## WHAT YOU SHOULD DO:
Transcribe exactly the stretch of lines beginning at the one containing "他告诉记者,由于下雨,地里积" and closing with the last line of the entries below. Omit images.

## DATA PROVIDED:
---

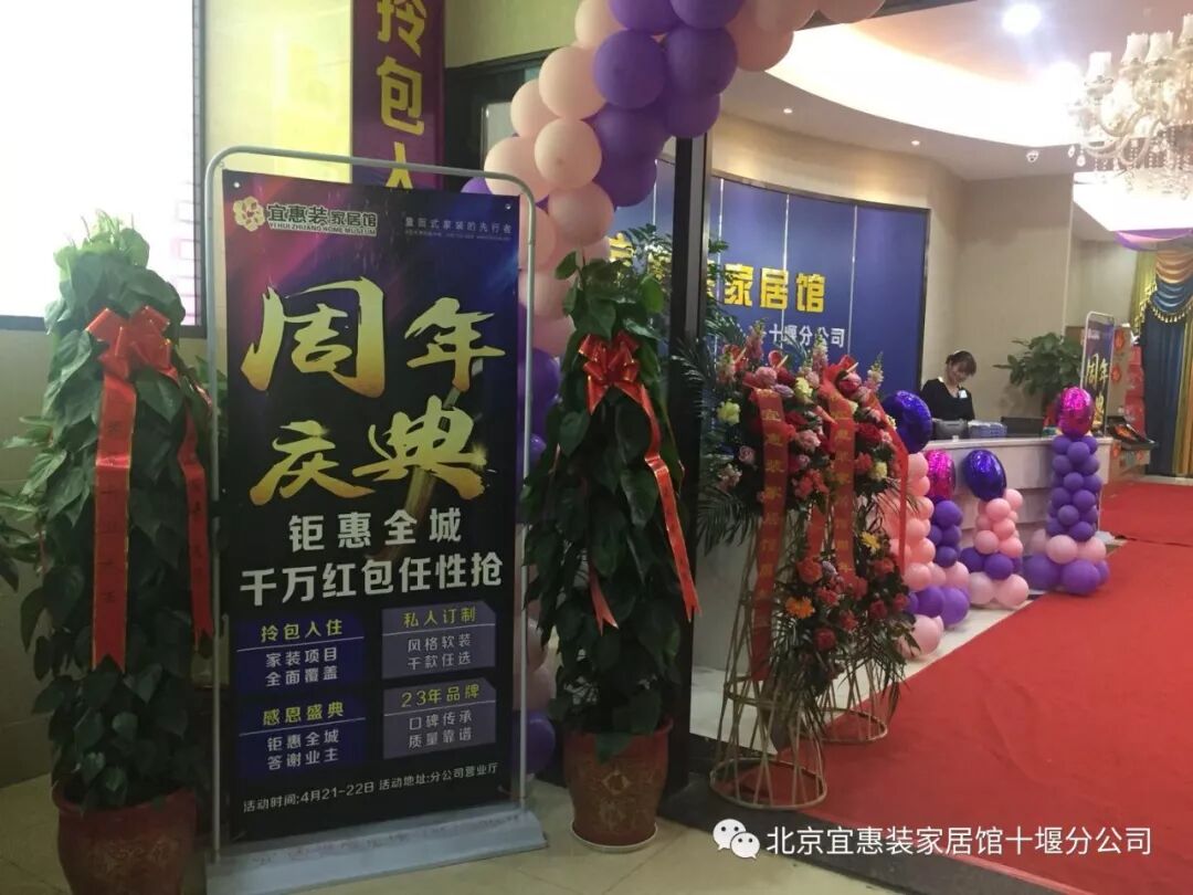 宜惠装家居馆周年庆典火热开启,公司所有员工经过几天忙碌已把活动现场布置得焕然一新,金蛋、家电大礼包、全房墙布……都已准备好,就等您来拿了!
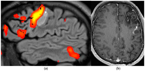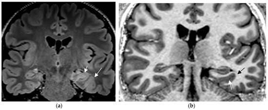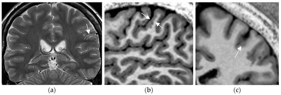 Cortical epileptogenic lesions are often subtle. Sequences that enhance gray–white matter contrast, such as the MP2RAGE sequence (see Figure 3b,c)—instead of the classical MPRAGE sequence—and the double inversion recovery sequence, have contributed to improved detection of the recently defined mild malformations of cortical development, of FCD, and of intracortical low-grade gliomas [76].
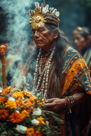 Shaman leads Ayahuasca ceremony in Costa Rica for spiritual healing and cultural experience. Concept Spiritual Healing, Ayahuasca Ceremony, Shaman, Costa Rica, Cultural Experience
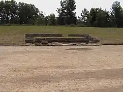 El estadio del sitio arqueológico de Olimpia (Grecia) está situado al este del santuario de Zeus. Era el lugar donde se celebraban muchos de los eventos deportivos de los Juegos Olímpicos de la Antigüedad.
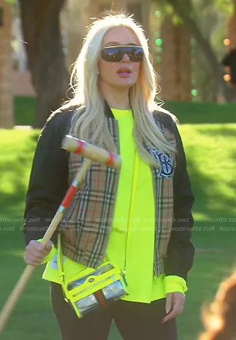 Erika Jayne on The Real Housewives of Beverly Hills on Bravo was spotted wearing this Erika beige plaid bomber jacket on The Real Housewives of Beverly Hills on episode 'Ice Queen of the Desert' (11x11) in Aug 2021. Erika's Jacket is the Monogram Motif Vintage Check Bomber Jacket by Burberry . Erika's Bag is the Ophida Transparent Cross-Body Bag by Gucci.
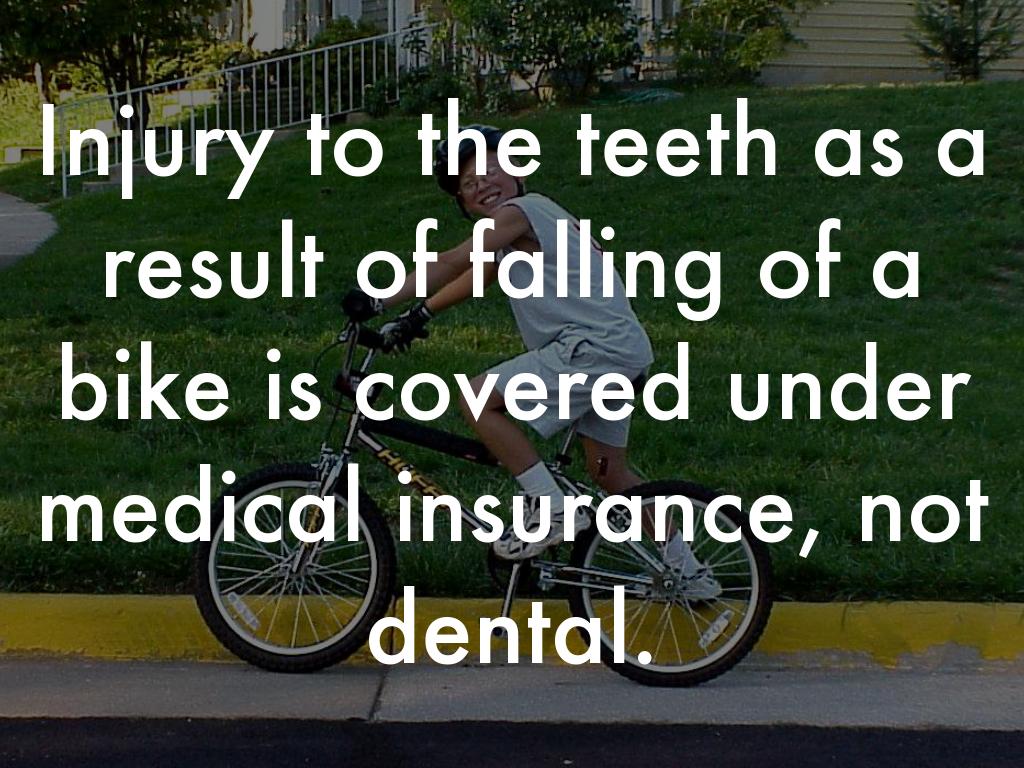 Injury to the teeth as a result of falling of a bike is covered under medical insurance, not dental.
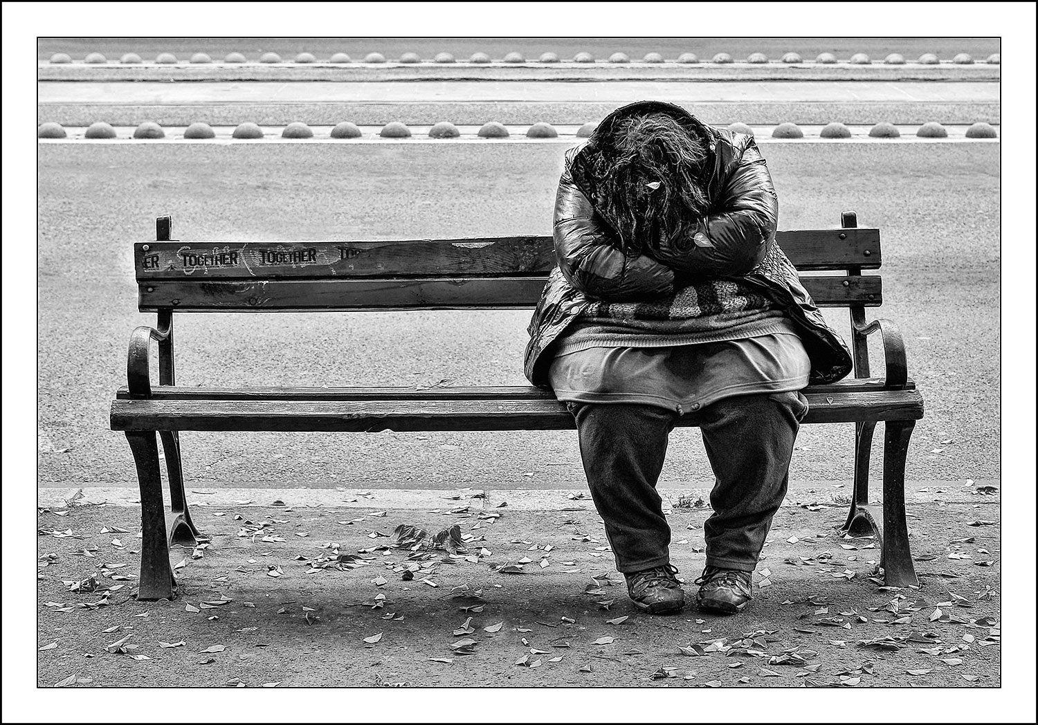 Fotografa una condizione, con tratti vitrei ed incisi, e se genera disagio che si fa pietas, in questo viluppo dettagliato di carne e tessuto, dimenticato in se stesso, sul ferro di una panchina, davvero colpisce nel segno.
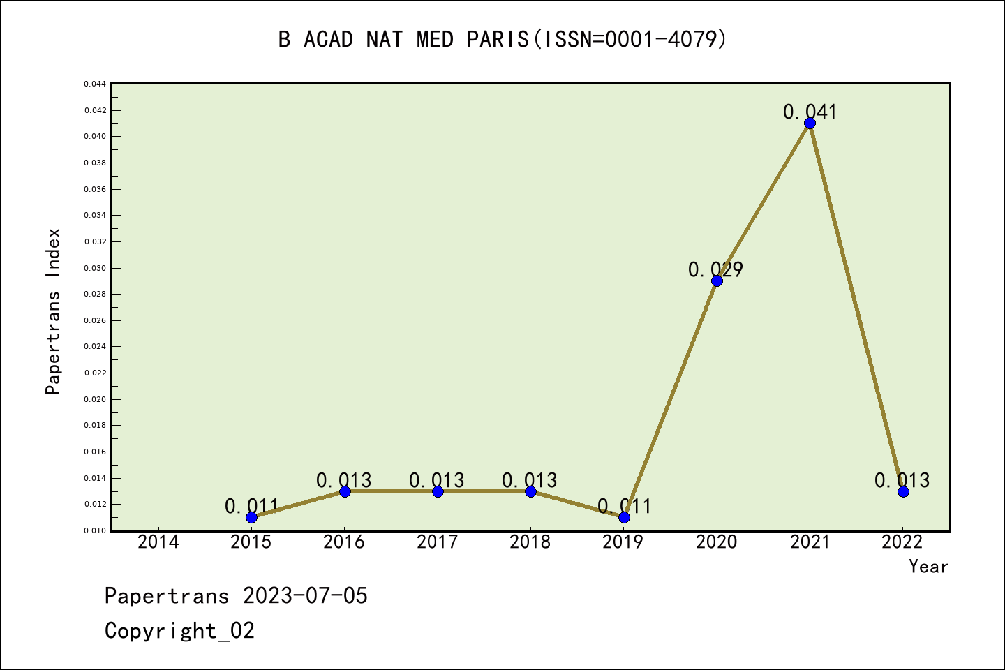 SCIE期刊BULLETIN DE L ACADEMIE NATIONALE DE MEDECINE历年派博系数(Pindex)
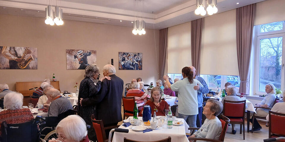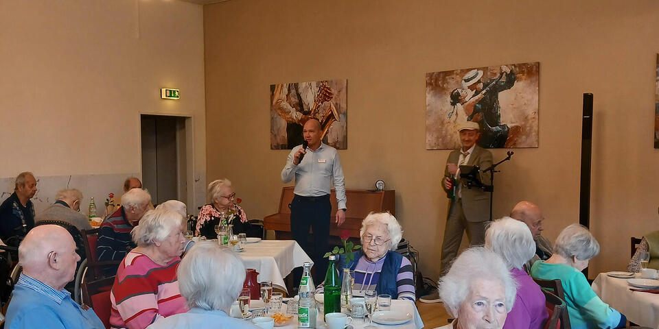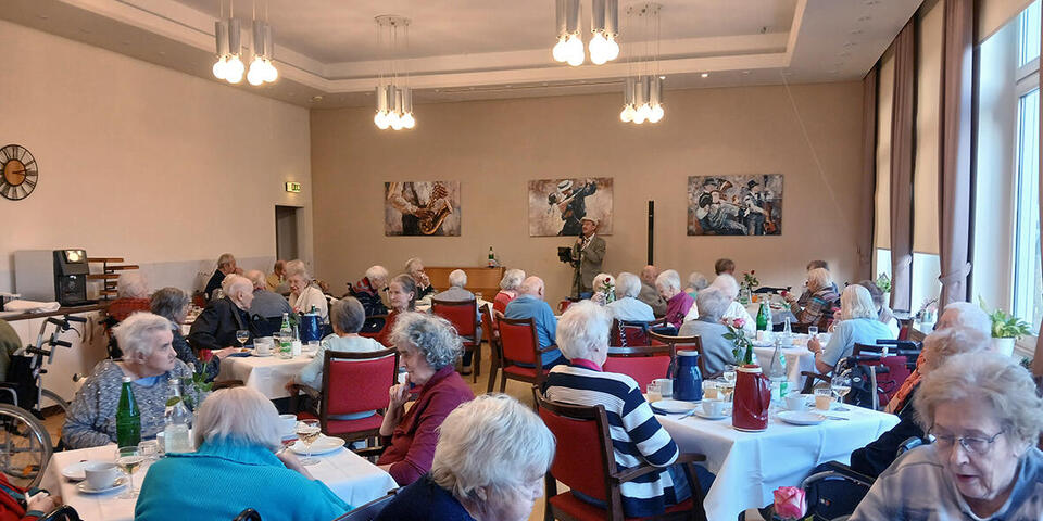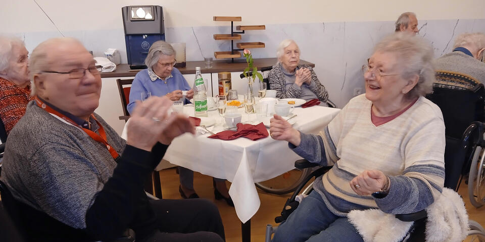 Pünktlich zur Kaffeezeit haben sich unsere Bewohnerinnen und Bewohner versammelt, um zunächst bei einem Sektempfang einer Neujahrsansprache unseres Einrichtungsleiters Stefan Tews zu lauschen. Im Anschluss daran gab es - neben den obligatorischen Berlinern –kleine köstliche Häppchen und das eine oder andere Bier oder Glas Sekt. Bei Blätterteigtaschen mit Spinat und Sesam-Ecken wurde geklönt und viel gelacht.
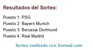 Lista de participantes: Real Madrid, PSG, Bayern Munich, Borussia Dortmund.
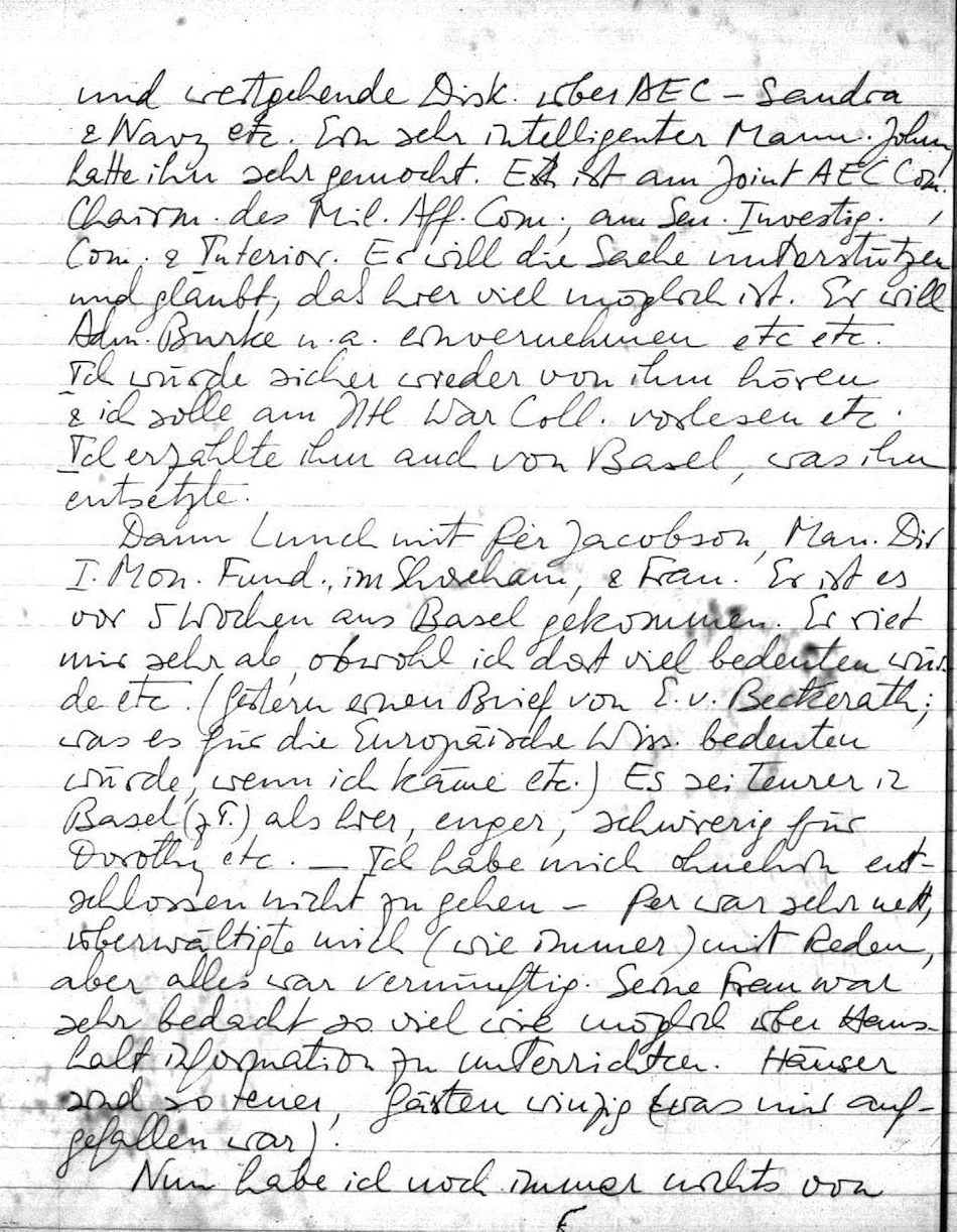 Dann Lunch mit Per Jacobson, Man. Dir. I. Mon. Fund., im Shaeham, & Frau. Er ist erst vor 5 Wochen aus Basel gekommen. Er riet mir sehr ab, obwohl ich dort viel bedeuten würde etc. (Gestern einen Brief von E. v. Beckerath; was es für die Europäische Wiss. bedeuten würde, wenn ich käme etc.) Es sei teurer in Basel (z.T.) als hier, enger, schwierig für Dorothy etc. Ich habe mich ohnehin entschlossen nicht zu gehen. Per war sehr nett, überwältige mich (wie immer) mit Reden, aber alles war vernünftig. Seine Frau war sehr bedacht so viel wie möglich über Haushaltinformation zu unterrichten. Häuser sind so teuer, Gärten winzig (was mir aufgefallen war).
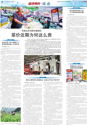 他告诉记者,由于下雨,地里积水,机械设备无法进入棚里作业,摘菜得用人工。以前一个人一天200多元成本,现在涨到400多元。而且,雨后,作物表面会覆盖病菌,用药量加大,算上肥料、农药、运输等费用,一亩地的成本增加了1000多元。
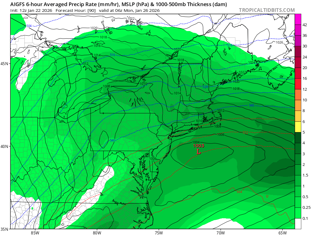 The fact that the AI GFS doesn't support the physics model is pretty telling IMO. This would be an absolutely devastating coup if the Euro were to cave. Like I said earlier, I think the GFS caves, maybe even at 00z... but I don't think this is over yet. We will get a last minute trend in one direction or another (hopefully positive).
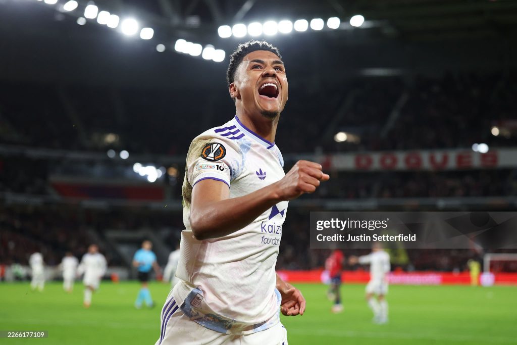 Ollie Watkins of Aston Villa celebrates scoring his team’s first goal during the UEFA Europa League 2025/26 Round of 16 First Leg match between Lille OSC and Aston Villa (Photo by Justin Setterfield/Getty Images)

---

## COMPLETED TASK:
 他告诉记者,由于下雨,地里积水,机械设备无法进入棚里作业,摘菜得用人工。以前一个人一天200多元成本,现在涨到400多元。而且,雨后,作物表面会覆盖病菌,用药量加大,算上肥料、农药、运输等费用,一亩地的成本增加了1000多元。
 The fact that the AI GFS doesn't support the physics model is pretty telling IMO. This would be an absolutely devastating coup if the Euro were to cave. Like I said earlier, I think the GFS caves, maybe even at 00z... but I don't think this is over yet. We will get a last minute trend in one direction or another (hopefully positive).
 Ollie Watkins of Aston Villa celebrates scoring his team’s first goal during the UEFA Europa League 2025/26 Round of 16 First Leg match between Lille OSC and Aston Villa (Photo by Justin Setterfield/Getty Images)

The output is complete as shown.